Harsh Dabidin attire également l’attention sur une dimension souvent négligée de la violence envers les femmes : son impact économique. « Au-delà des ravages humains et sociaux, ces violences laissent une empreinte financière considérable », explique-t-il. « Les coûts directs incluent les soins médicaux, les services juridiques et les dépenses liées à l’application de la loi. Mais les répercussions indirectes, comme la perte de productivité et les conséquences économiques à long terme pour les survivantes, amplifient encore le poids de ce fléau. Selon une étude menée en 2015, la violence envers les femmes représente environ un coût de 1% du Produit intérieur brut annuel d’une économie. Ce chiffre illustre une vérité incontournable : combattre ces violences n’est pas seulement une question de droits humains, mais aussi une nécessité économique, une pierre angulaire pour assurer le développement et la prospérité des sociétés. »
Pour de nombreuses survivantes, la police reste souvent leur unique recours. « Cela ne suffit pas », insiste Harsh. Il critique également les refuges temporaires, qu’il estime être une réponse incomplète : « Les refuges ne sont pas une solution durable. Ce sont les agresseurs qui doivent être punis. L’impunité ne doit jamais être tolérée, car sans une justice ferme, les lois perdent leur effet dissuasif. Il est impératif que nous donnions aux femmes, dès le plus jeune âge, les moyens de se protéger et de se construire. »

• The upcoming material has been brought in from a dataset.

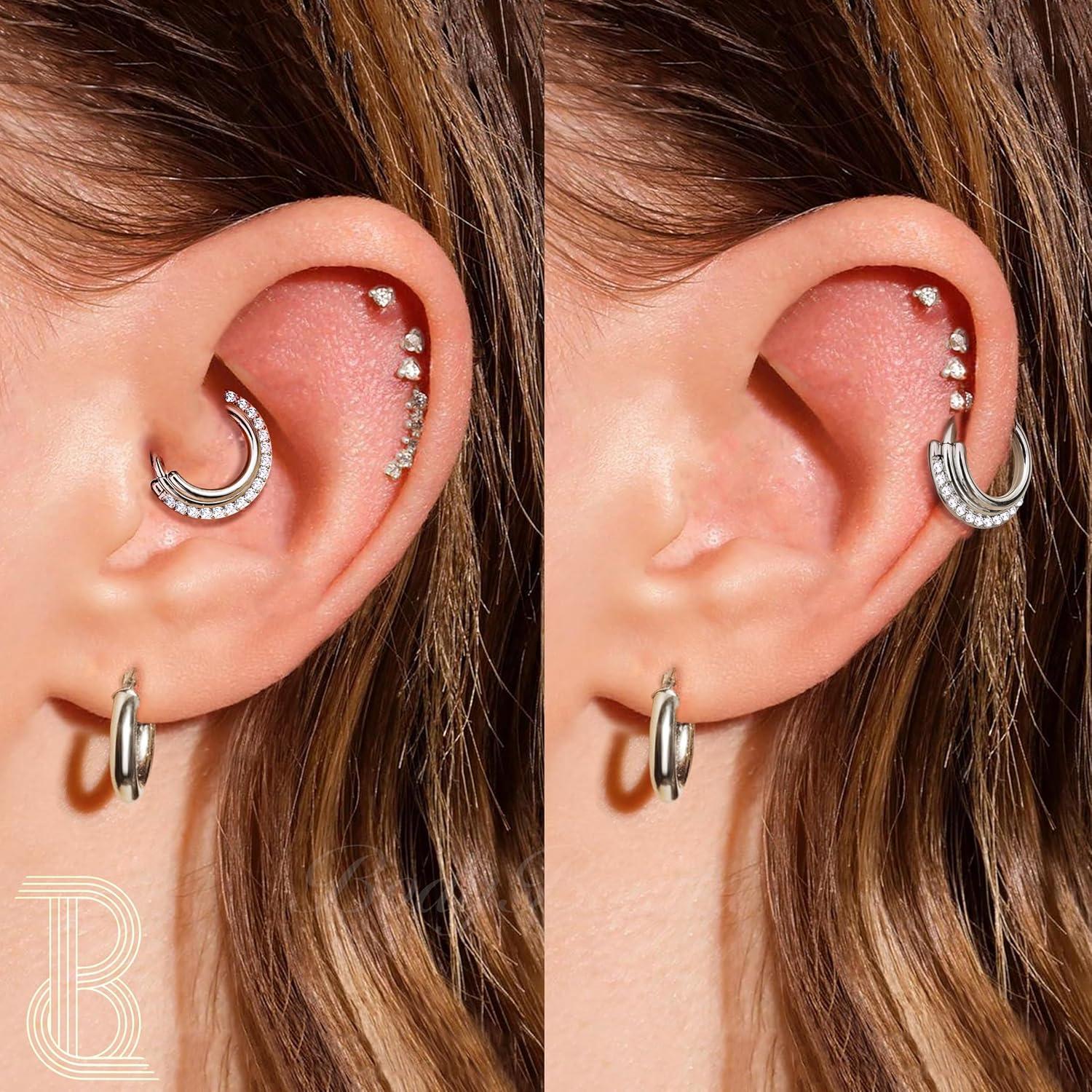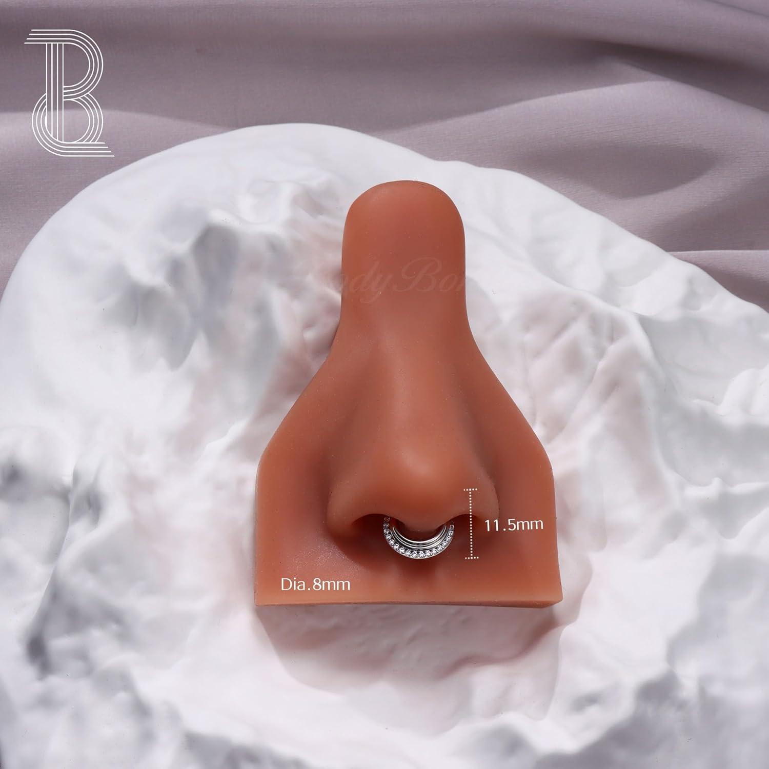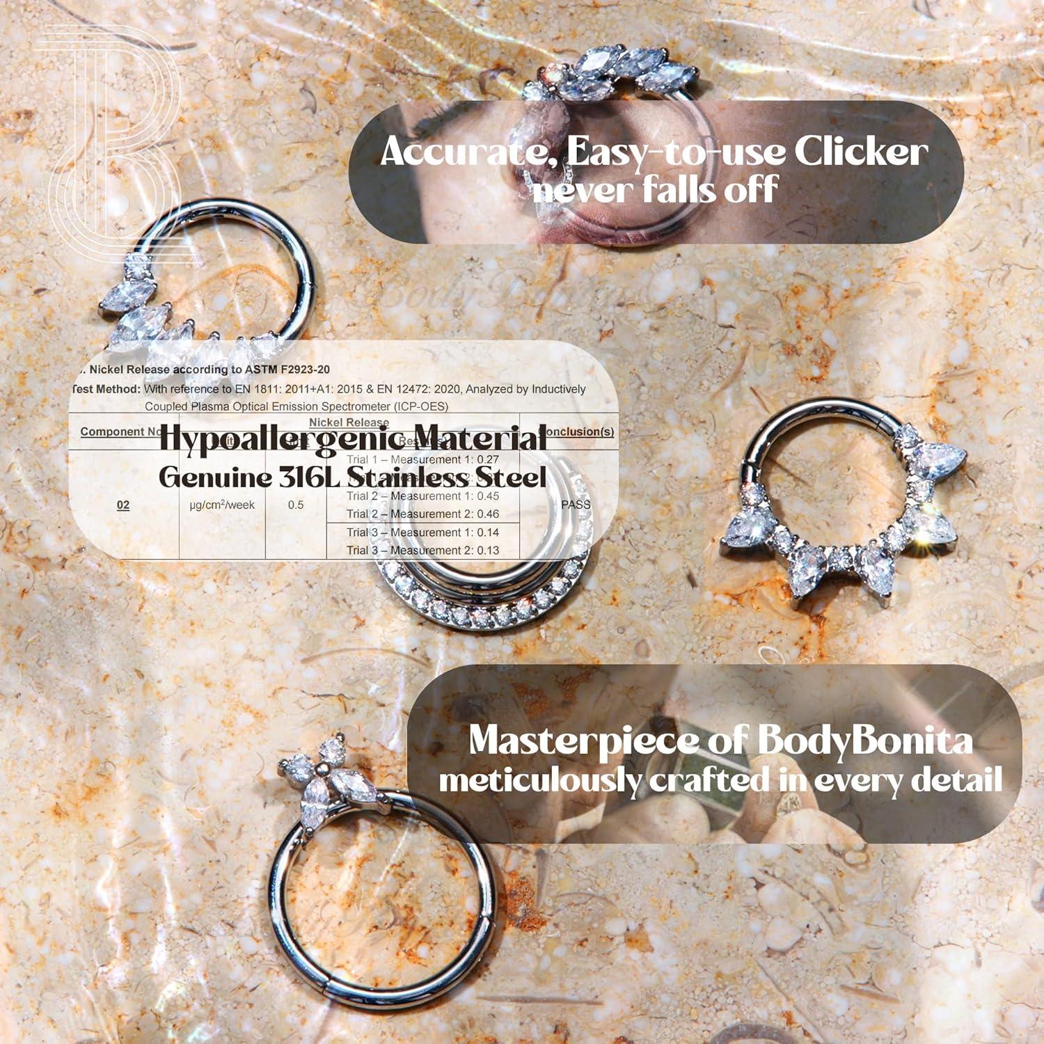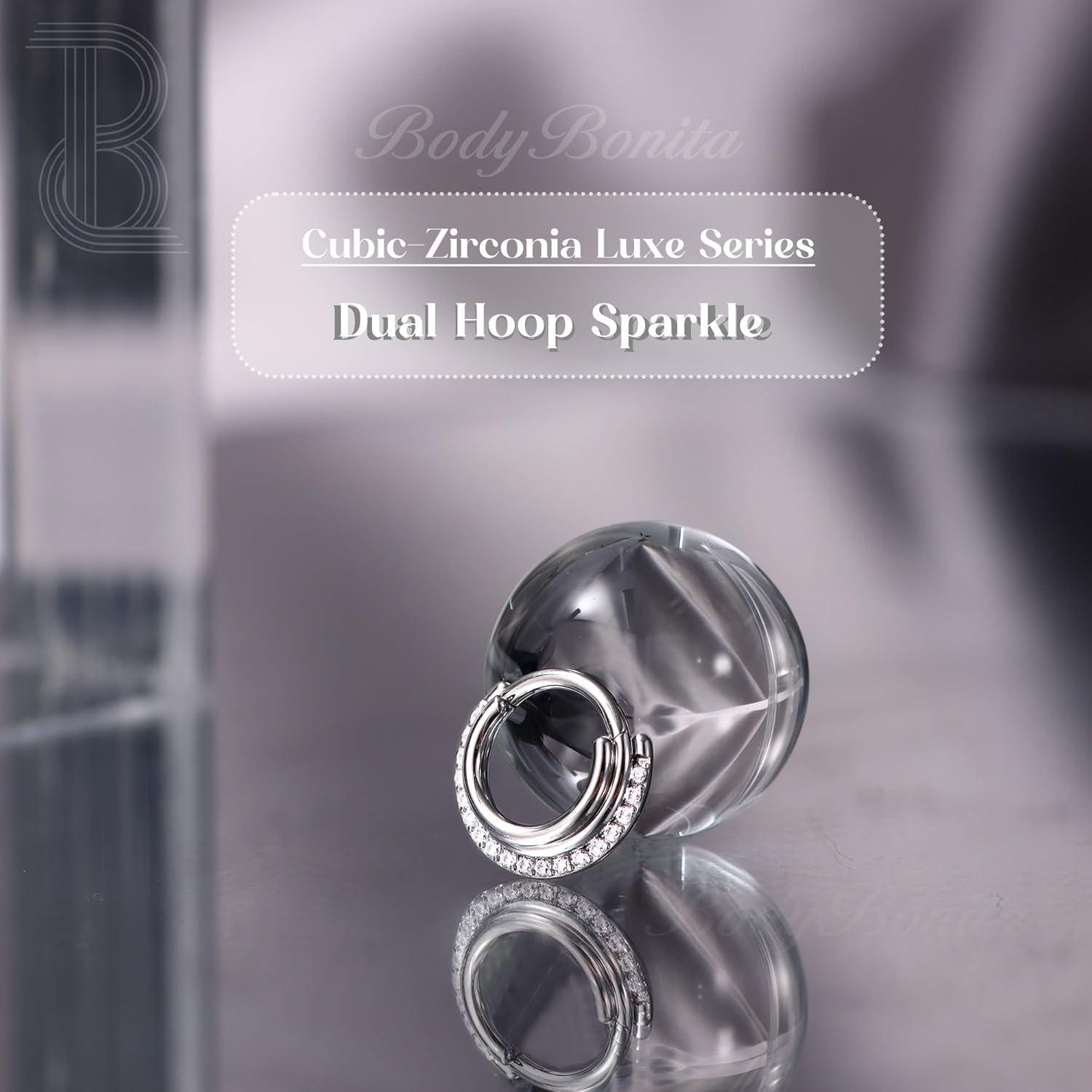 BodyBonita 16G Septum Rings Jewelry – Cubic Zirconia Luxe 316L Stainless Steel Hinged Nose Rings Hoops for Women Conch Piercing Jewelry Tragus Daith Helix Earring 14K Gold Plated/Silver 8 mm/10 mm(Dual Hoop Sparkle-Silver)

Harsh Dabidin met en avant des propositions concrètes. La prévention, selon lui, repose avant tout sur l’éducation et la socialisation. Dès l’enfance, il est essentiel d’apprendre le respect mutuel et de reconnaître les comportements inacceptables. « En instaurant l’empathie et le respect au sein du foyer. » Il faut aussi rendre accessibles des cours d’autodéfense dès l’enfance, afin que les jeunes filles acquièrent des outils pour se protéger et une confiance qui peut transformer leur quotidien. On peut mettre sur pied des groupes de soutien dédiés aux survivantes de violences psychologiques, souvent ignorées. Et des programmes d’aide financière, afin de permettre aux survivantes de retrouver leur autonomie et de reconstruire leur avenir.
« Les lois existent, mais leur application reste trop souvent lente et inefficace », dira Harsh. Ce dernier insiste sur la nécessité d’accélérer les processus judiciaires et de renforcer les sanctions contre les agresseurs afin de garantir « une justice véritable et dissuasive ». Selon lui, la lutte contre la violence nécessite une mobilisation collective et des actions concrètes pour garantir un réel changement sociétal. « La violence contre les femmes est une trahison de notre humanité », conclut Harsh.